Mr. Ruh’s charge comes with a set fine, akin to a ticket, of $150, and he has 15 days from Sept. 18 to decide whether to exercise his right to a trial, said Nathalie Houle, a spokeswoman for the federal prosecution service.

But a Toronto lawyer representing Mr. Ruh, who practises medicine in the United States, said his client will fight the charge – even go to trial, if necessary. “It’s a ticketing matter and he intends to contest it vigorously,” Mark Sandler said. “It’s important to him. He intends to challenge the case.”

The OPP alleges Mr. Ruh violated the Canada Shipping Act regulations by not displaying a light on his boat’s stern.

“Evidence gathered through the course of the investigation led to the conclusion that resulted in these charges,” Staff Sgt. Dionne said.
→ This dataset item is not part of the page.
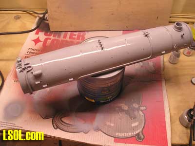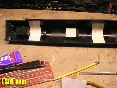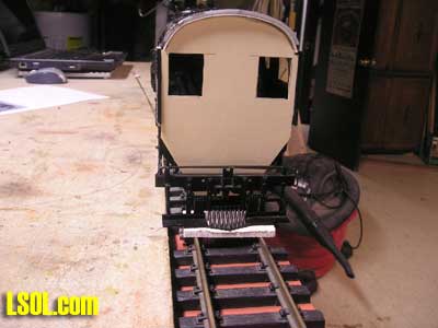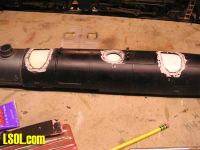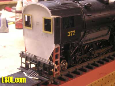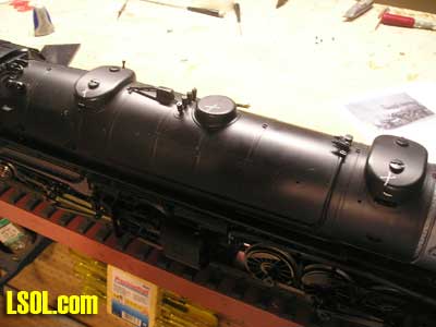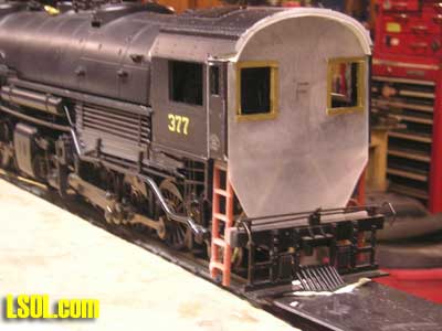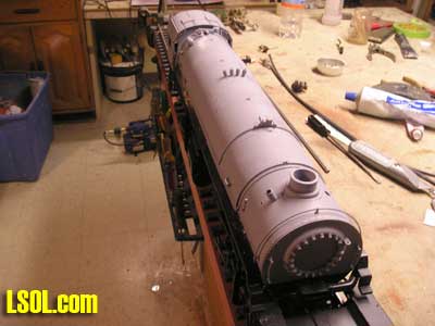 I drilled all the holes for the marker lights and head lights and installed them temporarily just make sure they had been positioned right.  I also installed the front pilot and coupler for proper fitting. I used the pilot from the original Mallet. After all of the above steps I then primed the engine boiler and cab with a air brush using floquil primer The reason I primed it at this point was if there was any imperfections in the bondo the primer would have them well pronounced. Wow! there were a few imperfections and with a little glazing putty and sanding I got it to where it looked very good. I need to take a step back and also mention that the parts that I took of the front of the boiler, handrails, and marker light holes all had to be filled and sanded and it was a tough task sanding around the rivets. On the next page are photos of progress to this point, in two weeks I will show you the rest of the engine work I had to do and the kit bashing of the Vanderbilt tender. Below are some photos of construction

Mr. Ruh’s boat was a 12-passenger vessel that was on its way back to a mutual friend’s cottage. Gary Poltash, a 64-year-old Florida man, was killed at the scene. Suzana Brito, a 48-year-old mother of three from Uxbridge, Ont., died two days later from massive head injuries. Three others were taken to hospital and treated for injuries.

Mr. O’Leary, star of Shark Tank and a former leadership candidate for the federal Conservatives, said in a statement released after the crash that he was a passenger in a boat involved in a “tragic collision,” but offered few details. He said the other boat did not have lights on and fled the scene. Relatives of Mr. Poltash, who were not on the boat, have disputed this assertion, telling U.S. media outlets the boat was running with lights.

The OPP later said both boats left the scene and both boat operators called for ambulances.

The OPP said on Tuesday that the Public Prosecution Service of Canada will be managing the court processes. Ms. O’Leary is set to appear in provincial court in Parry Sound on Oct. 29.